“Там, где дух (как мысль, сознание) в наше время работает строго, могущественно и без подделок, — говорит Ницше, — он обходится вообще и без идеала, — и популярное выражение для этого воздержания есть атеизм (куда не входит воля к правде)”. “Безусловный, честный атеизм, — а его атмосферою мы только и дышим все, (?) более интеллигентные люди нынешнего столетия, — не стоит, однако, в противоречии со всяким идеалом, как может казаться; он есть, наоборот, одна из последних фаз его развития, одна из последних форм его выражения и внутренних его следствий, — он есть лишь конечная катастрофа двухтысячелетнего приплода истины, которая в конце концов запрещает нам ложь веры в Бога” (Ibid. S. 179).
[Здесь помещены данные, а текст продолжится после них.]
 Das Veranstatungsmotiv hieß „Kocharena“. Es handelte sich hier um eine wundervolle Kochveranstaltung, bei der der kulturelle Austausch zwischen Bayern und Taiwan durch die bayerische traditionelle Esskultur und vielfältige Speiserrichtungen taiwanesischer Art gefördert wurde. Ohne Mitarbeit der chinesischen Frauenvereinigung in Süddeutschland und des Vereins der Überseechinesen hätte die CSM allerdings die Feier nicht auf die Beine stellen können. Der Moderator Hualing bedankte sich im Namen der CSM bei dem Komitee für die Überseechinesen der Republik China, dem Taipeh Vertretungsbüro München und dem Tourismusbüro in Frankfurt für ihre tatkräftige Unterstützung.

Достаточно этих ссылок, чтобы видеть, в какой степени Ницше материалист и атеист. Душа и Бог — суеверия. И этим объясняется скачок Ницше от человека-животного к сверхчеловеку, — минуя стадию “человека” в истинном смысле этого слова. Неудивительно, что этот последовательный материалист, атеист и эволюционист на почве морали повторяет уже без всякого скептицизма и ложного стыда знаменитую мысль Ивана Карамазова, так блистательно оправданную Смердяковым, что если кто не верит в Бога и в бессмертие души, тому “все позволено”.
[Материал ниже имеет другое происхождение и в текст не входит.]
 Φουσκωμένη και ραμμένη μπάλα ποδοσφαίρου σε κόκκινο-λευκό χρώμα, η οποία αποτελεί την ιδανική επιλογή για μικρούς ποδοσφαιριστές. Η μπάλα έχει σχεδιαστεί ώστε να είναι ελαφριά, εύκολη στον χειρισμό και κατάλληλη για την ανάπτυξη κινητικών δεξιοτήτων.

Совершенно другое теоретическое миросозерцание исповедует Лев Толстой. Кому знакомо сочинение Толстого “О жизни” (см. XIII т. “Полного собрания”), тот знает, какая глубокая пропасть лежит для него между животным и разумным сознанием, между зверем и человеком, — какие страстные усилия он делает для оправдания бессмертия души и идеи вечной жизни, как, сбиваясь иногда с идеи личного бессмертия “души” на идею безличного бессмертия “духа”, он тем не менее настойчиво отстаивает мысль о вечности духовной жизни, о невозможности полной смерти. Верит ли Толстой в живого Бога? Да, верит, глубоко верит. Он верит даже в молитву и в таинственное посредство вечного существа между душами людей живущих. Толстой верит в волю Пославшего нас — в мир вечной правды и абсолютного добра. Но зато Толстой не верит во внешний, материальный, технический прогресс. Он проповедует возвращение к “человеку”, а не изобретение крылатого и оперенного “сверхчеловека”. “Царствие Божие внутрь вас есть”. Оно уже дано всецело в великих потенциях человеческой души, оно уже не раз проявлялось и ярко светило в назидание всем смертным. Все развитие и эволюция сводятся к росту духовной, нравственной личности человека. Для этого нужно возвратиться к чистому учению Евангелия. “Любите врагов ваших, благотворите ненавидящим вас”. Мир душевный, отречение от всяческой суеты, а не внешний прогресс организации личности и общества, — вот истинная цель человека, его счастье, источник его нравственного удовлетворения.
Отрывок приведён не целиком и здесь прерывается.